The gonadotropins (FSH and LH) play an important role in communicating with the ovaries. Gonadotropins activate the ovaries to produce different steroid hormones such as estrogen, androgens and progesterone which are linked to the regulation the estrous cycle. Positive and negative feedback loops are involved in the communication between the ovaries and the hypothalamus and pituitary [10, 44-46]. Estrogen receptors (ER) are present in the hypothalamus, pituitary and in the ovaries of many species, including cattle [47-50]. Hence, alteration in estradiol concentration could have direct and independent effects on all the endocrine glands that comprise the HOP axis. Details of the interactions between gonadotropins and ovarian sex steroids in cattle will be discussed in later sections of this literature review.

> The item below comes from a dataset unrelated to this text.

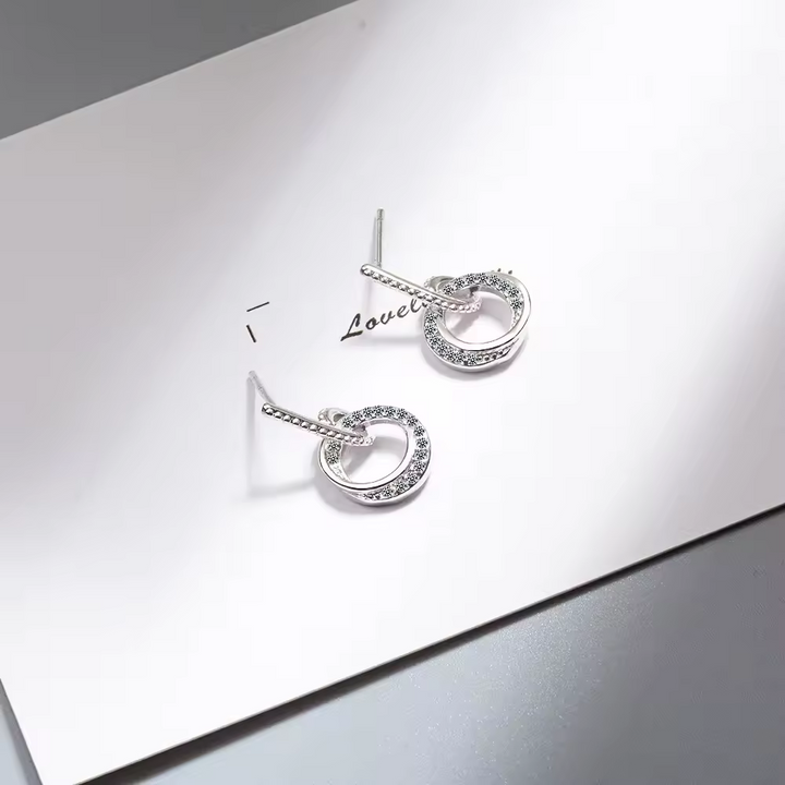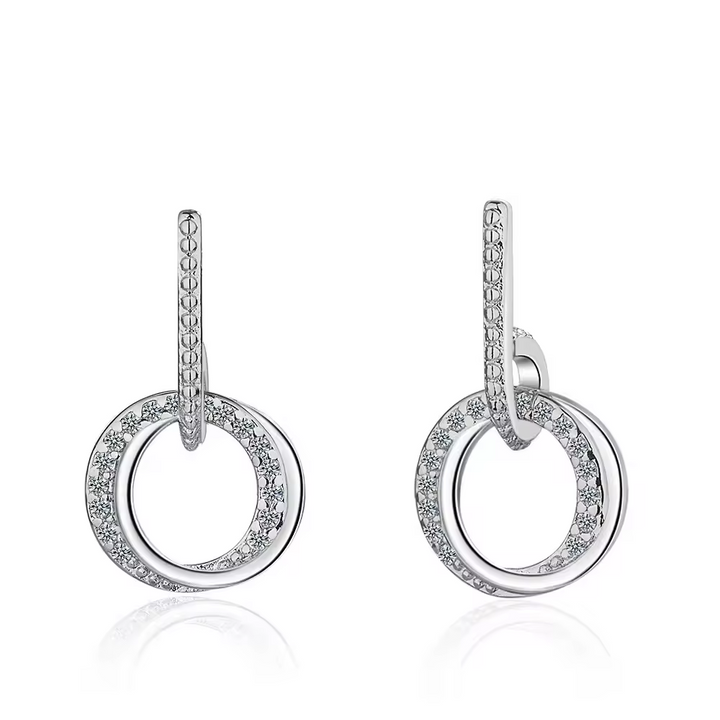 Damen-Ohrstecker mit Anhänger, Kreis mit Zirkonia, Silber 925.

Non-steroidal ovarian products have also been related to the control of gonadotropin secretions [51, 52]. Inhibin is a protein produced by the granulosa cell of growing follicles under the influence of FSH. It comprises α and β sub-units and it is known to suppress FSH secretion by acting at hypothalamic and pituitary levels [43, 53-55]. The combination of two β sub-units results in a related protein, known as activin, which counteracts the effect of inhibin by stimulating FSH release [43]. Other factors present in the follicular fluid include follistatin, oxytocin, insulin-like growth factor (IGF), epidermal growth factor (EGF) and plasminogen activator (reviewed in [56]).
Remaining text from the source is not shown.